Validation Messaging Guide

Main Takeaways

Giving validation feedback is an emotional process. Support users with this process by following these guidelines:

  • Explain what the Input expects before the user enters data. (Example: password rules, ranges, etc)
  • Give clear and helpful feedback when encountering a problem.
  • Use a combination of placement, timing, and language to guide users through moments of uncertainty.
Anatomy of Input validation with numbers pointing to each part: placement, timing, and language.


  • Place messaging close to the Input.

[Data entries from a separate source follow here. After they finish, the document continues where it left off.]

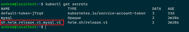 The old replicaset is back! How? Let’s have a look at secrets within the cluster: –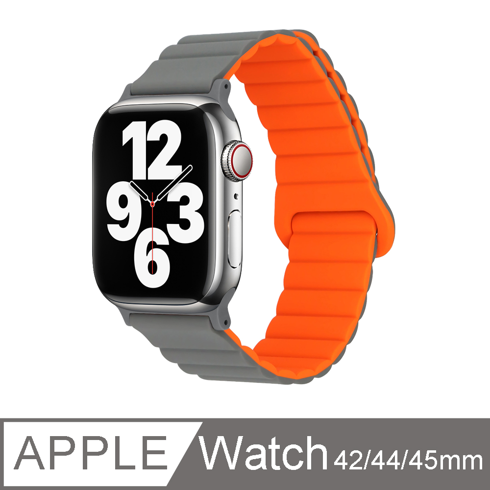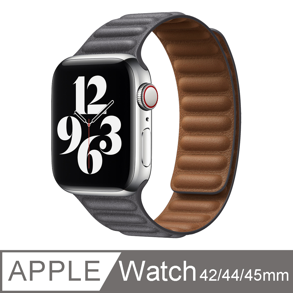 Apple Watch 7/6/5/4/3/2/SE 皮製鏈式磁吸錶帶 iWatch替換錶帶 42/44/45mm通用 丹霞色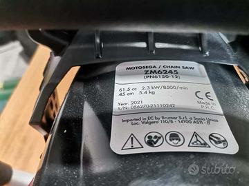 Motosega ZM6245. Impugnatura ergonomica con freno catena di sicurezza integrato. Grande velocità di rotazione. Leggera e maneggevole, ideale per medio-grandi lavori di taglio.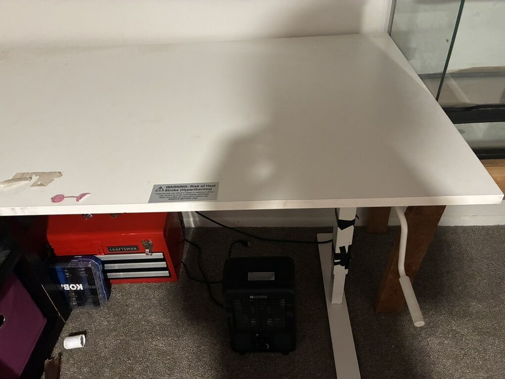 Standing desk. 61 inches side to side. 31 inches front to back. Can lower and raise.

Spark places validation directly under the Input.
  • Provide a clear visual to indicate something has gone wrong with user Input and needs attention.
  • Plan error messaging for every field.
  • On forms with multiple fields, show validation messaging for each Input field to guide users to a successful submission.


  • Show validation messaging after the user enters the data or when the Input becomes out of selection focus.
  • On forms, show error messaging before the user submits the form.

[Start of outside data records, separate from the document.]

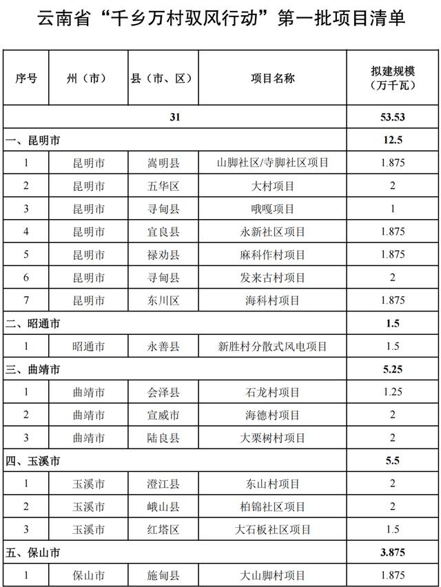 為持續(xù)打造綠色能源強(qiáng)省、大力發(fā)展新能源、助力鄉(xiāng)村振興,云南近日發(fā)布《“千鄉(xiāng)萬(wàn)村馭風(fēng)行動(dòng)”第一批項(xiàng)目開發(fā)建設(shè)方案》(以下簡(jiǎn)稱《方案》),將開發(fā)建設(shè)第一批共31個(gè)風(fēng)電項(xiàng)目,裝機(jī)容量53.53萬(wàn)千瓦。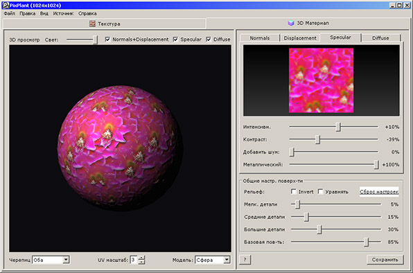 PixPlant — автономная программа и плагин к Photoshop-совместимым приложениям. Это мощный и удобный инструмент для создания высококачественных бесшовных текстур любого размера из любых изображений. При создании текстуры можно указывать, должна ли она быть бесшовной по горизонтали и/или по вертикали, исключать из процесса генерации некоторые части исходного изображения, задавать повторяемость и другие параметры.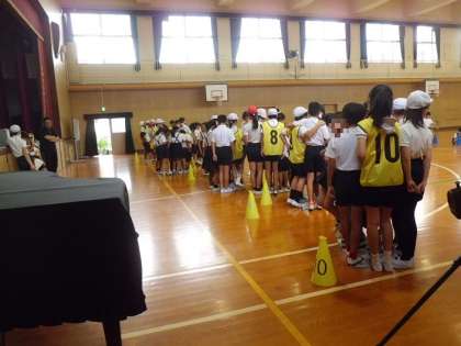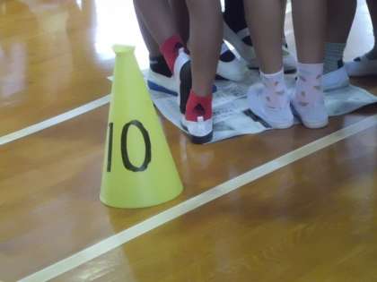 縦割り班で、新聞紙の上に何人乗れるかというゲームを行い、

Selection focus changes when a user taps or clicks anywhere outside of the current focused element. Focus can also change through keyboard navigation.


  • Use labels and helper text to clarify what data the Input expects. Messaging should be related and relevant to the Input.
  • Deliver direct and concise statement of the problem in non-technical terms. Write out abbreviations.
  • Use sentence case. Do not use all caps.
  • Direct users to the next action to solve the problem.
    • Use positive action verbs, rather than negative ones. Focus on the solution by explaining what to do, opposed to what not to do.
    • If the “error” is a system condition that blocks the user from accomplishing a task, offer them a way to be notified of updated system status.
  • Follow accessibility guidelines, and where applicable, use aria-live regions.

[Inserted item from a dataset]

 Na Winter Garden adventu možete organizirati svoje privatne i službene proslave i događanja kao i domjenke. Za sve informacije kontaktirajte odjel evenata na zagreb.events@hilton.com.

Use error messaging to clarify any system errors and additional constraints to the user.

  • Choose a T-shirt size. (Example: Radio Input, Dropdown)
  • Choose at least one of the options. (Example: Checkbox)
  • Enter your first name. (Example: Text Input)
  • Enter an amount that is less than your current balance of $19,800. (Example: Monetary Input)
  • Enter a date within the past 99 years. (Example: data Input constraint)
  • Enter your 9-digit Social Security Number.
  • Create a password that meets the following criteria:
    • It has at least 8 characters.
    • Contains a number.
    • Contains a special character.

The guides are not all-inclusive in regard to accessibility considerations. Refer to the Web Content Accessibility Guidelines (WCAG 2.1, Level AA) for additional insights.